Todo me sonreía. Era rico; pertenecía a la familia más ilustre de mi pueblo; amábanme mis padres; había sido dotado por Dios de un alma entusiasta; adoraba lo bello y lo grande, y todo era bello y grande para mí en la tierra y en el espacio.

La muerte del día, el amanecer de la luna, los rumores del campo que me vio nacer, los himnos amorosos que preceden al sol por la madrugada, el variado aroma de las flores, todo hablaba a mi corazón... Pero ¡ay! su lenguaje era triste, desconsolador, como la memoria de un bien perdido...

¡Lloraba yo! ¿Por qué?

¿Era el sufrimiento mi predestinación? ¿Traje en mi alma el germen de la melancolía? ¿Había sellado Dios mi frente con la marca de un dolor indefinible, excepcional, privilegiado?

¿Por qué no era yo como los demás hombres? ¿Por qué mi disgusto hacia las cosas que ellos amaban tanto? ¿Por qué mi aislamiento sobre la tierra? ¿Qué deseaba yo? ¿Qué necesitaba? ¿Qué aristocracia de seres representaba en la vida? ¿Era yo más ángel o más demonio que el resto de la humanidad? ¿Cuál era mi jerarquía?
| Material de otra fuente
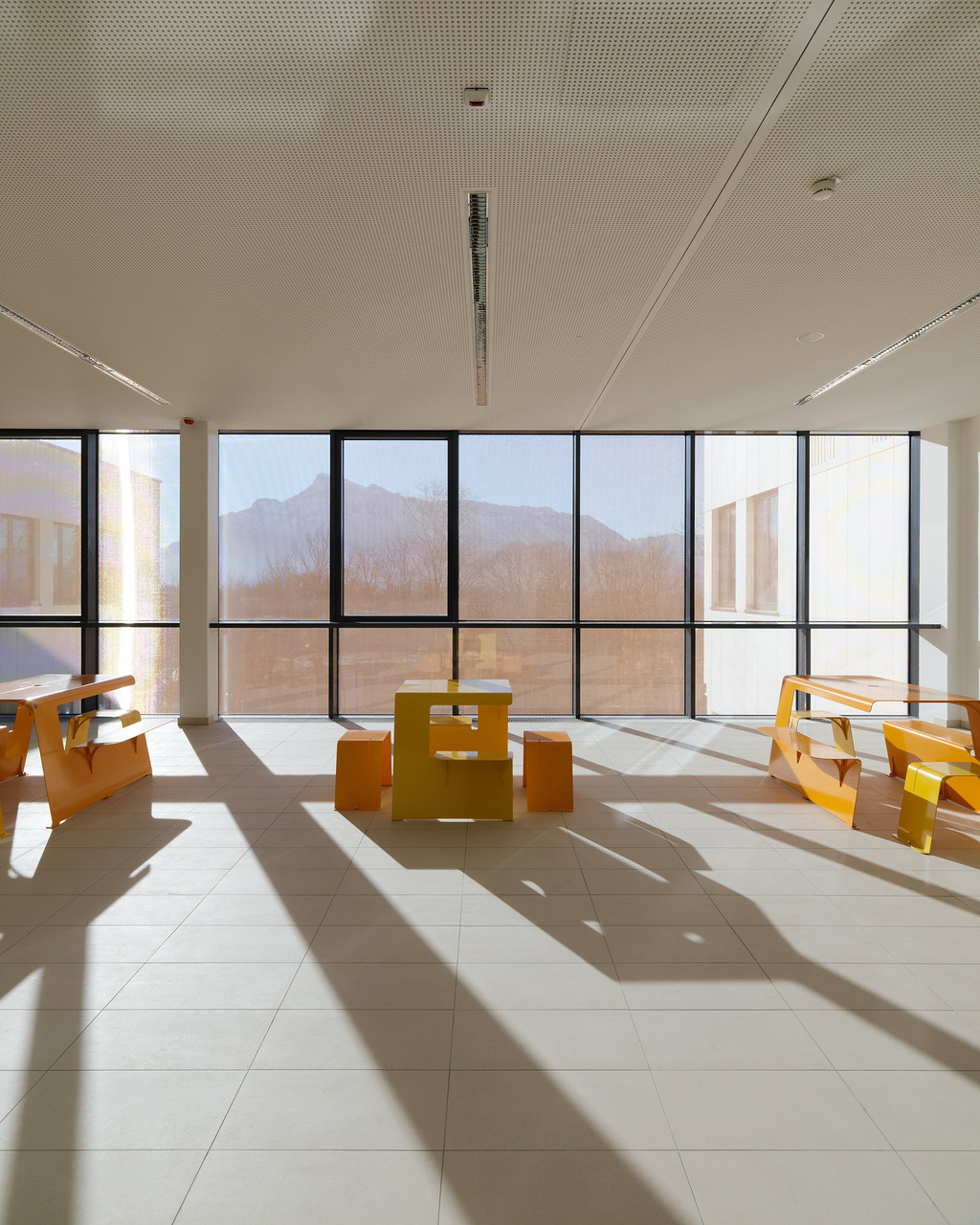 Die Erweiterungen beschränken sich auf Aufbauten im Bestandsbereich, wodurch aus dem einst zwei- ein dreigeschossiger Baukörper entstand, dessen Höhenentwicklung aus heutiger Sicht kein Verlust für die Wahrnehmung des Landschaftsraums darstellt. Dieser ist jetzt auch im Gebäude spürbar: So erlebt man nun, wenn man vom südlich gelegenen Vorplatz das Gebäude betritt, den Außenraum der im Norden des Hauses gelegenen Felswand. (Text: Roman Höllbacher)

Degradación o preeminencia, ¡yo la aborrecía, yo la rechazaba! Ser como todos era mi constante deseo... ¡Había en mí una superabundancia de vida que me agobiaba! ¿Qué crimen había yo cometido antes de nacer para que se me impusiera aquel tormento extraordinario? ¿Qué premio más alto que el de los demás me esperaba a mí en pago de tan incesante martirio? ¡Ah! ¡Cuánto me odiaba!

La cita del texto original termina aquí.